▸ **Collected data entries**:
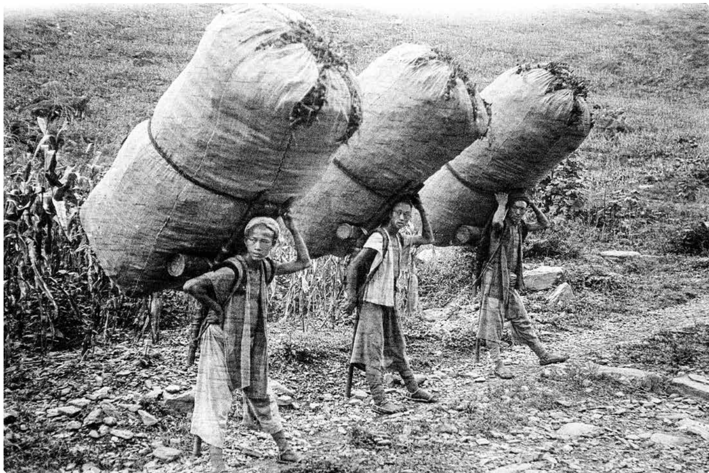
Носильщики чая. Китай, Кушань. 1917–1919 гг.

но и вообще обладают большей мускульной силой и могут больше совершить работы. “Известные своим воздержанием римские солдаты, – говорит “Science pour tous”, – носили такое тяжелое вооружение, которое, пожалуй, раздавило бы своей тяжестью самого здорового рабочего нашего времени, и он не смог бы сдвинуться в нём с места. Обратите внимание на смиренных носильщиков, которые питаются лишь несколькими плодами и оливками, и между тем поднимают такие огромные тяжести, которые совершенно не под силу нашим рабочим. Посмотрите на китайских кули ( рабочие-кули – наемные работники, которых в XVIII – начале XX вв. европейцы перевозили в качестве дешевой рабочей силы из Индии и Китая в колонии. – ред. ), которые питаются лишь горстью риса и почти никогда не знают усталости! Затем – трапписты ( монахи католического цистерцианского монашеского ордена. – ред. ), которые исполняют самые тяжелые работы, никогда вполне не отдыхают, соблюдают самые строгие посты и вне постов питаются лишь хлебом и вареными овощами, а между тем славятся своим необыкновенным долголетием. Строгое воздержание в пище и мускульный труд – вот, следовательно, главные условия здоровья и долгой жизни!»
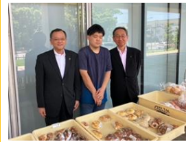
(左)落合市長 (右)津田副市長

6月29日(木)・30日(金)に平塚市役所本館一階の多目的スペースにて、平塚市地域作業所連絡会さんが『夏の展示即売会』を開催。進和学園の自主生産品もたくさん店頭並び、お客様に大好評でした。また落合市長をはじめ津田副市長・今井副市長も立ち寄ってくださいました。次回は、10月26日(木)・27日(金)に秋の展示即売会を予定しています。お楽しみに！
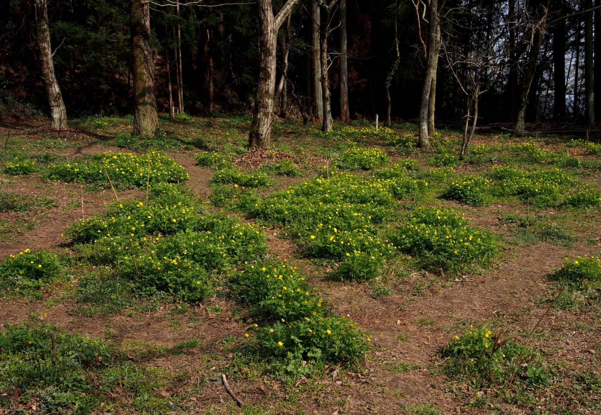
15:19 フクジュソウ (福寿草) キンボウゲ科
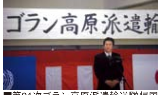
■第24次ゴラン高原派遣輸送隊帰国関連行事(訓辞)
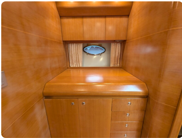
Sarnico Spider galley, closed
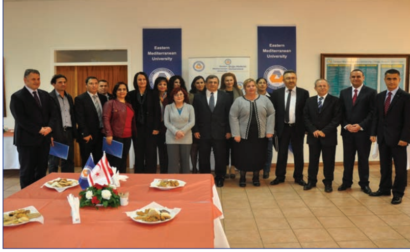
Sertifika Töreni'ne katılanlar birarada
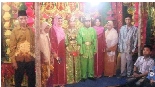
記念撮影。新郎新婦を真ん中にママと私。両サイドは両親。

日没後のイスラムのお祈りが終わると結婚式が始まります。式場の入り口でご祝儀を200円ほど（気持ち）箱に現金で入れ（ママのお供のときは私は支払わず、ママだけのお支払い）お土産（新郎新婦の名前が入った扇子かキーホルダー）をもらいます。好きな席に着くとカラオケ隊の爆音が結婚式を盛り上げます。
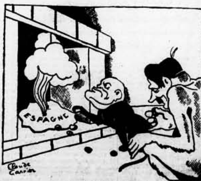
Las castañas del fuego

Bruselas, 21. — En un discurso que ha pronunciado el señor Spaak, en Berchemez Anvers, ha afirmado que la política exterior del Gobierno no ha cambiado desde 1936, agregando que el Gobierno ha mantenido la misma actitud de independencia y equilibrio, que es — dijo — la que mejor conviene para el mantenimiento de la paz. — Fabra
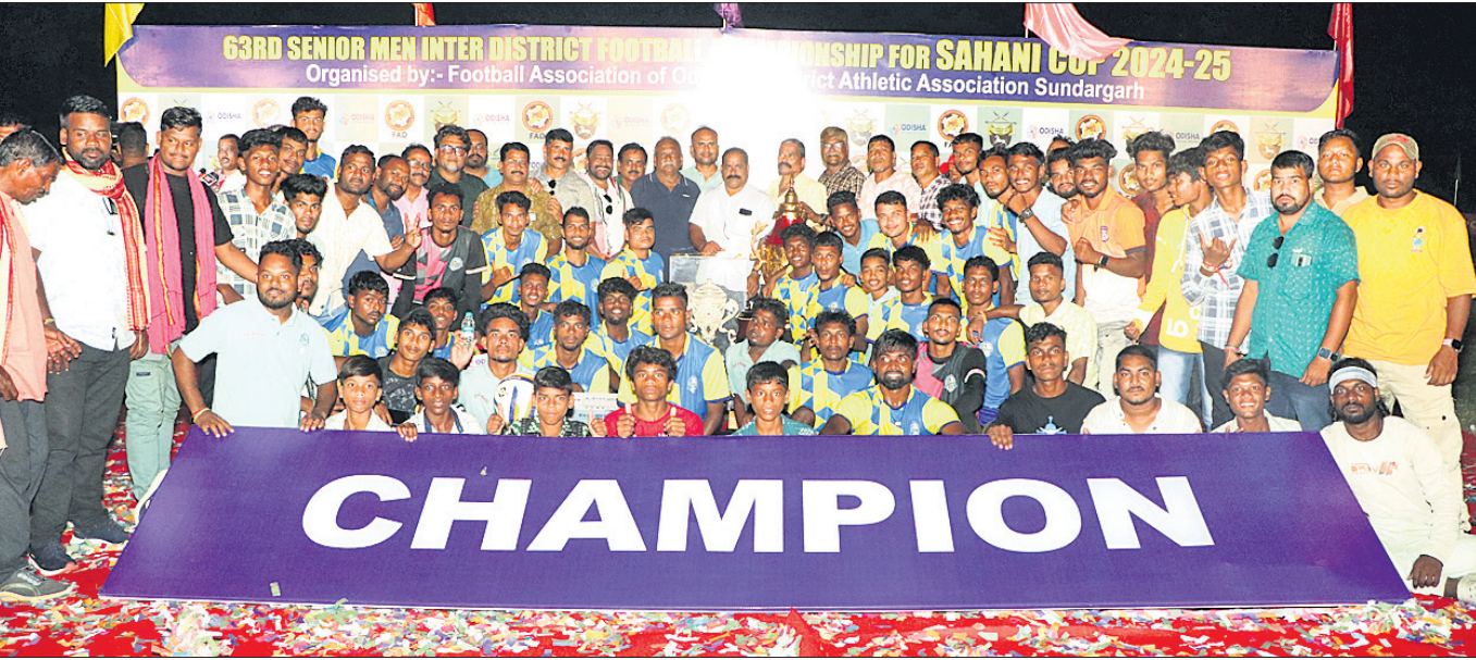
ଅତିଥିଙ୍କ ଗହଣରେ ସାହାଣୀ କପ୍ ଫୁଟବଲ୍ ଚାମ୍ପିୟନ ବରଗଡ଼ ଦଳ ।
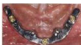
インプラント上に装着されたバー
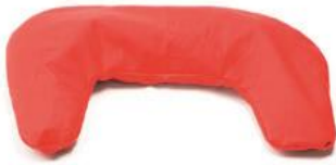
U-formet nakkepude, barn, S Str. 62/109x33x4,5 cm HMI: 65001, Varenr.: 0305-901-000
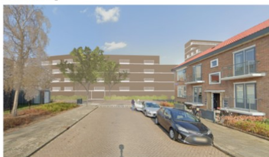
Vanaf de Isaac van Hoornbeekstraat
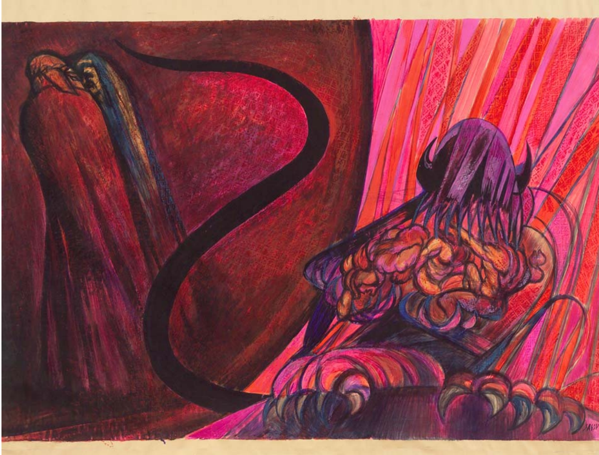
Aligi Sassu, Lucifero (tempera e pastello su carta, centimetri 114 per 150)
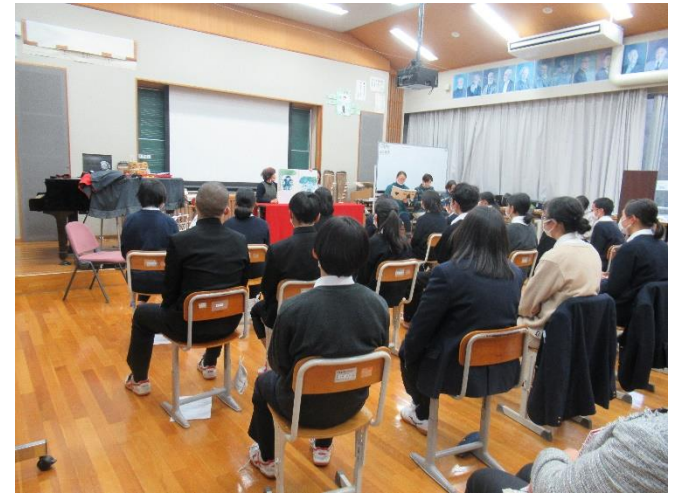
お話カリヨン 読み聞かせの会
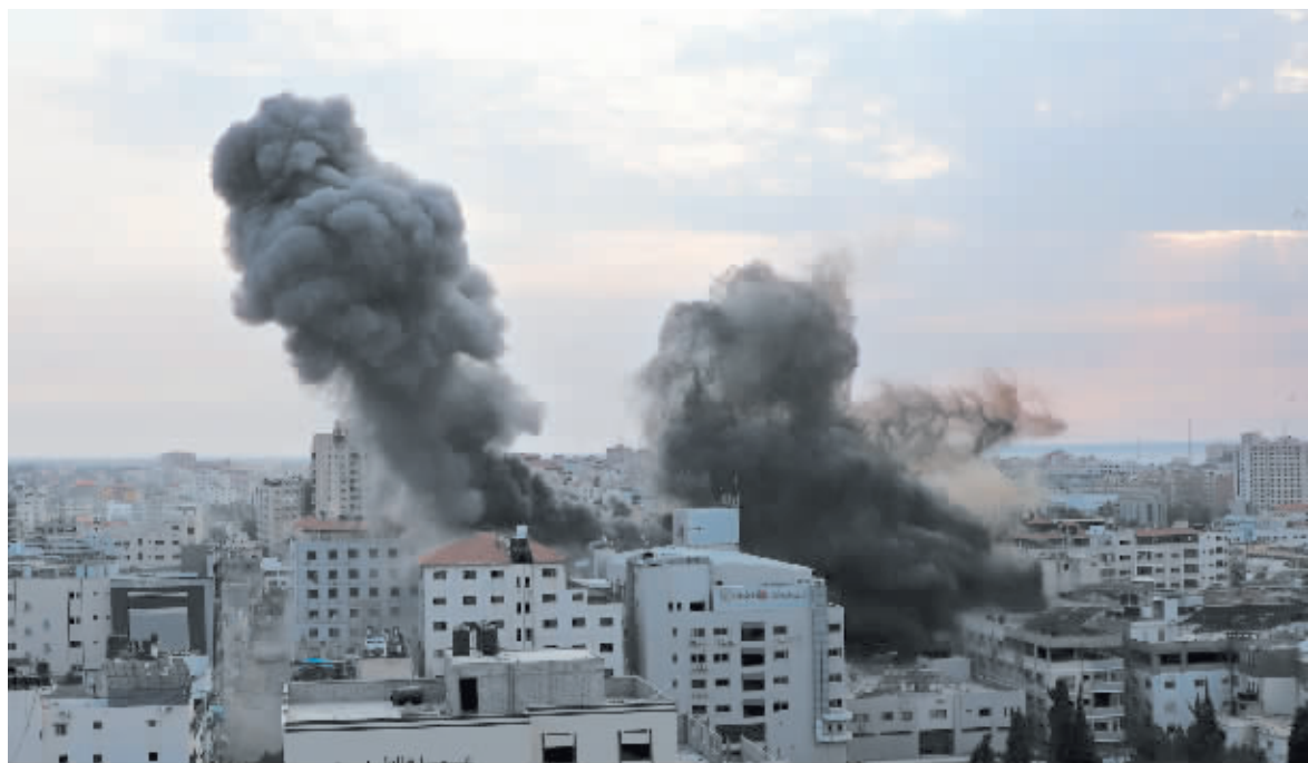
10月8日在加沙城拍摄的以色列空袭后的浓烟。

美国《华尔街日报》称伊朗伊斯兰革命卫队协助哈马斯策划奇袭,但此说法被哈马斯、伊朗和美国官员否认。
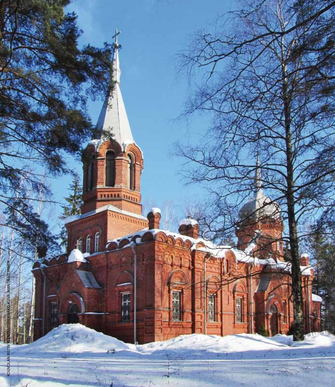
KOUVOLAN RISTIN YLENTÄMISEN KIRKKO.

HAMINA 2–4, HÄMEENLINNA 5–7, KOTKA 7–9, LAHTI 9–13, LAPPEENRANTA 13–18, TAMPERE 19–21, TURKU 22–24

▸ **EXERCISE PROMPT**:
Set every record down verbatim. No pictures belong in the copy.

▸ **EXERCISE ANSWER**:
Носильщики чая. Китай, Кушань. 1917–1919 гг.

но и вообще обладают большей мускульной силой и могут больше совершить работы. “Известные своим воздержанием римские солдаты, – говорит “Science pour tous”, – носили такое тяжелое вооружение, которое, пожалуй, раздавило бы своей тяжестью самого здорового рабочего нашего времени, и он не смог бы сдвинуться в нём с места. Обратите внимание на смиренных носильщиков, которые питаются лишь несколькими плодами и оливками, и между тем поднимают такие огромные тяжести, которые совершенно не под силу нашим рабочим. Посмотрите на китайских кули ( рабочие-кули – наемные работники, которых в XVIII – начале XX вв. европейцы перевозили в качестве дешевой рабочей силы из Индии и Китая в колонии. – ред. ), которые питаются лишь горстью риса и почти никогда не знают усталости! Затем – трапписты ( монахи католического цистерцианского монашеского ордена. – ред. ), которые исполняют самые тяжелые работы, никогда вполне не отдыхают, соблюдают самые строгие посты и вне постов питаются лишь хлебом и вареными овощами, а между тем славятся своим необыкновенным долголетием. Строгое воздержание в пище и мускульный труд – вот, следовательно, главные условия здоровья и долгой жизни!»
(左)落合市長 (右)津田副市長

6月29日(木)・30日(金)に平塚市役所本館一階の多目的スペースにて、平塚市地域作業所連絡会さんが『夏の展示即売会』を開催。進和学園の自主生産品もたくさん店頭並び、お客様に大好評でした。また落合市長をはじめ津田副市長・今井副市長も立ち寄ってくださいました。次回は、10月26日(木)・27日(金)に秋の展示即売会を予定しています。お楽しみに！
15:19 フクジュソウ (福寿草) キンボウゲ科
■第24次ゴラン高原派遣輸送隊帰国関連行事(訓辞)
Sarnico Spider galley, closed
Sertifika Töreni'ne katılanlar birarada
記念撮影。新郎新婦を真ん中にママと私。両サイドは両親。

日没後のイスラムのお祈りが終わると結婚式が始まります。式場の入り口でご祝儀を200円ほど（気持ち）箱に現金で入れ（ママのお供のときは私は支払わず、ママだけのお支払い）お土産（新郎新婦の名前が入った扇子かキーホルダー）をもらいます。好きな席に着くとカラオケ隊の爆音が結婚式を盛り上げます。
Las castañas del fuego

Bruselas, 21. — En un discurso que ha pronunciado el señor Spaak, en Berchemez Anvers, ha afirmado que la política exterior del Gobierno no ha cambiado desde 1936, agregando que el Gobierno ha mantenido la misma actitud de independencia y equilibrio, que es — dijo — la que mejor conviene para el mantenimiento de la paz. — Fabra
ଅତିଥିଙ୍କ ଗହଣରେ ସାହାଣୀ କପ୍ ଫୁଟବଲ୍ ଚାମ୍ପିୟନ ବରଗଡ଼ ଦଳ ।
インプラント上に装着されたバー
U-formet nakkepude, barn, S Str. 62/109x33x4,5 cm HMI: 65001, Varenr.: 0305-901-000
Vanaf de Isaac van Hoornbeekstraat
Aligi Sassu, Lucifero (tempera e pastello su carta, centimetri 114 per 150)
お話カリヨン 読み聞かせの会
10月8日在加沙城拍摄的以色列空袭后的浓烟。

美国《华尔街日报》称伊朗伊斯兰革命卫队协助哈马斯策划奇袭,但此说法被哈马斯、伊朗和美国官员否认。
KOUVOLAN RISTIN YLENTÄMISEN KIRKKO.

HAMINA 2–4, HÄMEENLINNA 5–7, KOTKA 7–9, LAHTI 9–13, LAPPEENRANTA 13–18, TAMPERE 19–21, TURKU 22–24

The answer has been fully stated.